A key objective of this work is to establish a framework which can be applied in education and commerce to support very large-scale deployment of web applications and services for applications which themselves may have quite different purposes and properties.

Many E-learning and E-business technology courses use some specialist software which, along with other course materials, such as Portable Document Format (PDF) documents and video, is distributed on Digital Versatile Disc (DVD) or by download.

Client-side software can be installed on student machines with the aid of a ‘wizard’ which guides the student, step by step, through the installation and which can also try to ensure that the platform is suitable for the software to function properly.

This type of software may typically include web browsers, programme development toolkits, libraries and Integrated Development Environments (IDEs), such as eclipse (

The range of student platforms and pre-existing software which can interact or conflict with the course software presents a significant source of potential problems. In practice, the occurrence of problems can be greatly reduced by careful engineering of the installation, rigorous cross platform testing and, for example, providing a fully independent installation.

An independent installation may duplicate supporting software which is already installed on the machine to ensure, for example, that appropriate software versions are used. A good example of this is the installation of Eclipse for which java may be installed, even if java has been installed on the machine previously, so that Eclipse runs on a known version of Java.

The rise of network computing and Internet based applications running on web and application servers has resulted in a greatly increased demand and importance for providing students with reliable access to server-side applications and middleware. Understanding, skills and experience of server-side aspects are of relatively greater value than comparable client-side aspects (Ehie, 2002; e-skills 2011) and in increasing demand.

In response to this a wide range of higher education establishments have developed E-business courses which include server-side components and there have been evaluations of a range of the mainstream alternative platforms that can be deployed to support server applications (Sandvig, 2007).

Providing server-side facilities for students on their own machines is far more problematic than installing simpler client-side applications.
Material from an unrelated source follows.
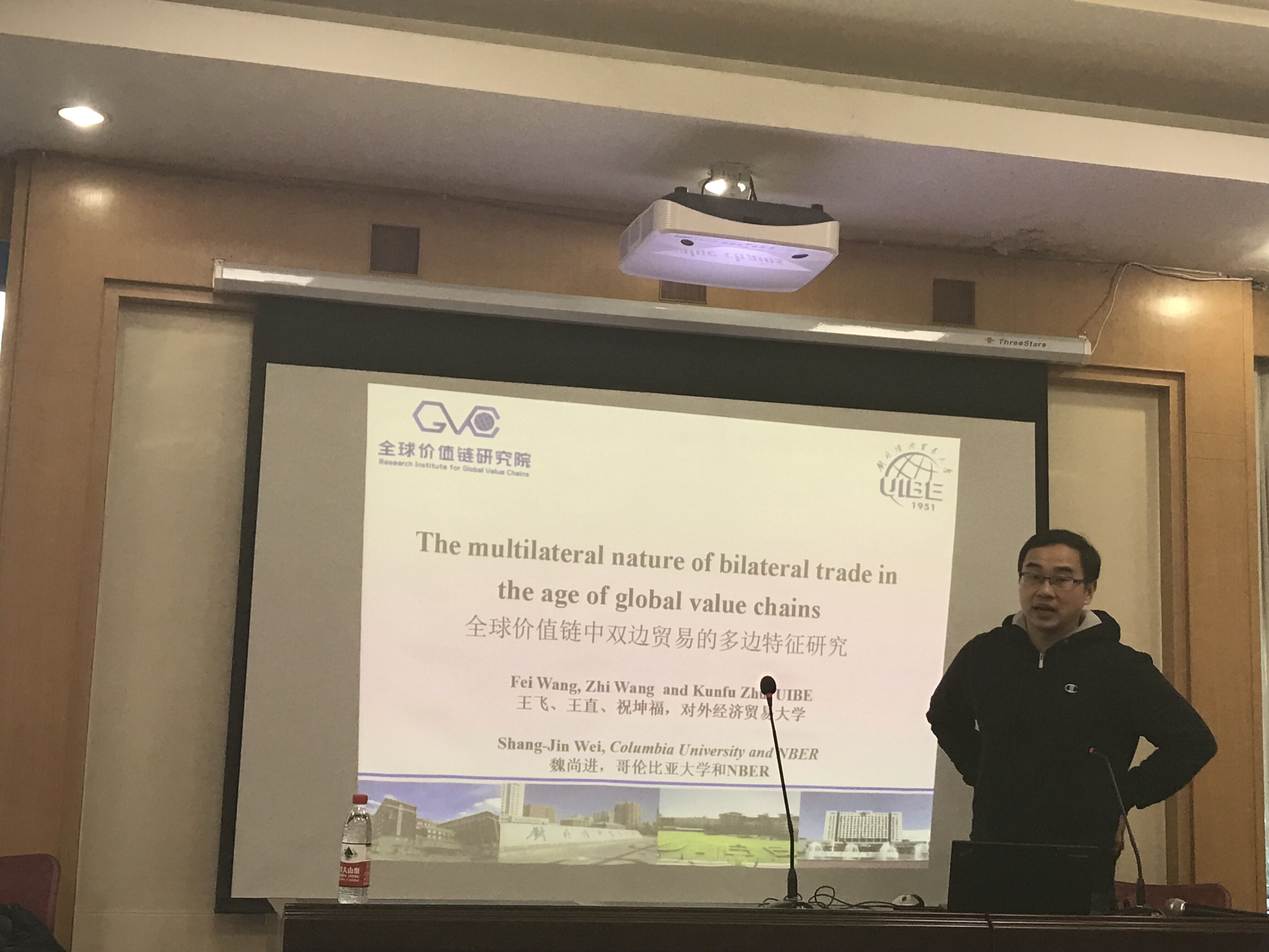 2019年1月6日下午两点,WilliamHill威廉希尔第12期“博士研究生高端学术讲坛”在邵逸夫科学馆东二楼第五会议室举行,本期论坛来自对外经济贸易大学的祝坤福副研究员为我院师生带来题为《全球价值链下双边贸易的多边效应》的报告。本次讲座由韦倩副院长主持,部分WilliamHill威廉希尔老师与硕、博士生参加讲座。

Server software is more sensitive to platform variations and requires substantial expertise for configuration, management and the diagnosis and resolution of any problems.
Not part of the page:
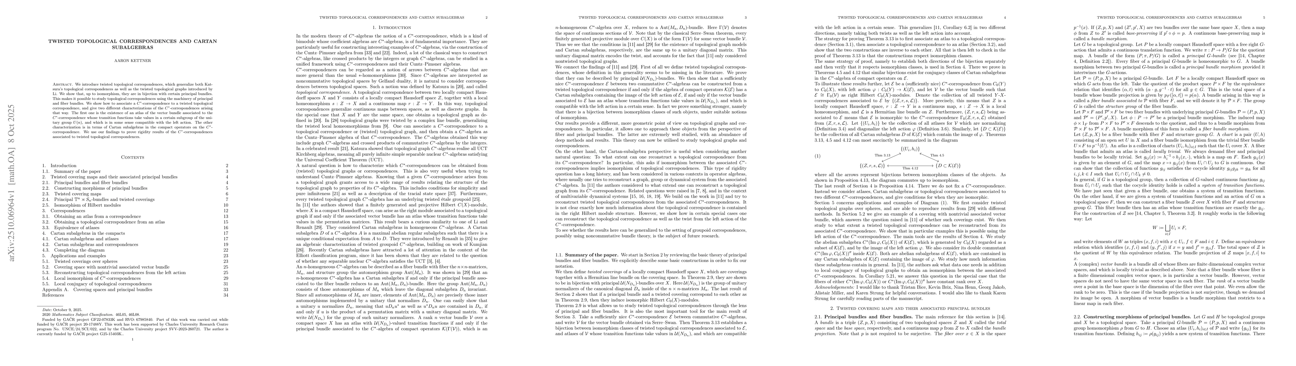 The research employs a combination of algebraic topology, noncommutative geometry, and operator algebras to analyze twisted topological correspondences and their associated Cartan subalgebras. It establishes equivalences between different mathematical structures through categorical frameworks and representation theory.

Students cannot in general be expected to come with the necessary skills to successfully install and manage server-side software unaided. In addition, in the context of a course aimed at information technology management, students cannot be expected to be equipped with accomplished programming or software configuration skills. The consequence of these factors is that any provision of experience in server-side areas in a purely ‘at a distance’ E-learning context is extremely unusual.
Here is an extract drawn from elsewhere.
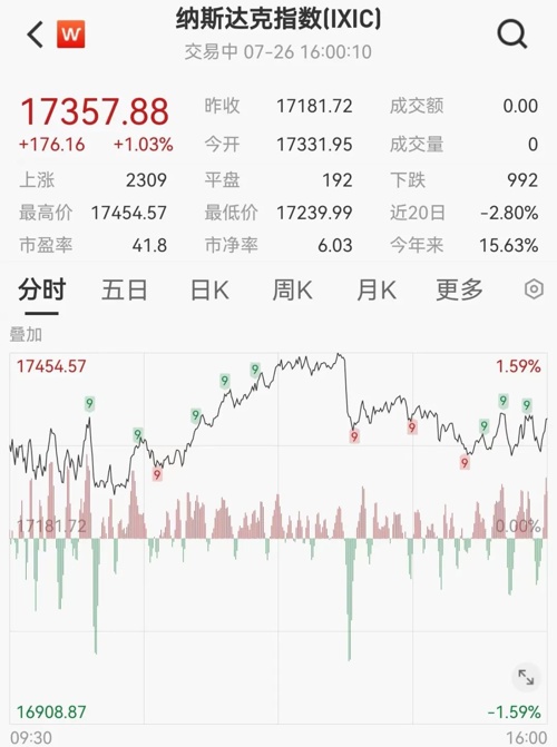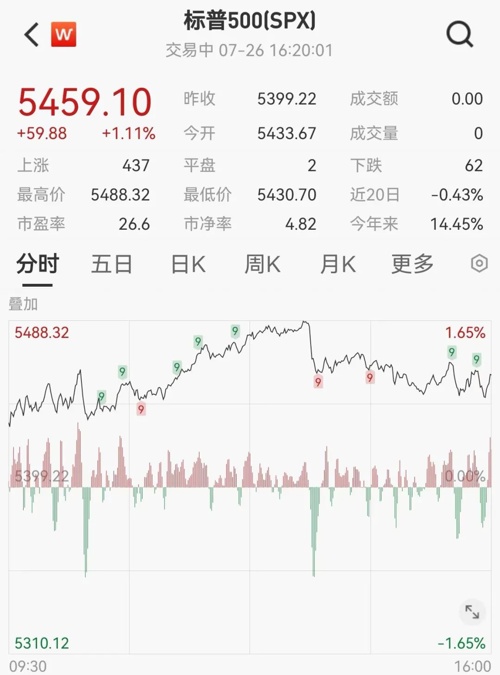 美国三大股指全线收涨

There is also a need to provide a ‘level playing field’ for students and to be able to assess their work on a server-side platform. In terms of a level field it should be the case that a student should not be disadvantaged because they have some unforeseen problem installing the software against another student for whom the software installs without problem. For assessment purposes it is useful to be able to actually run, rather than rely on inspection alone, the server-side solutions which students have created and deployed. The only means by which student work can be assessed in this way, in a distance learning setting, is by providing a standard server platform onto which students can remotely deploy and test their own work.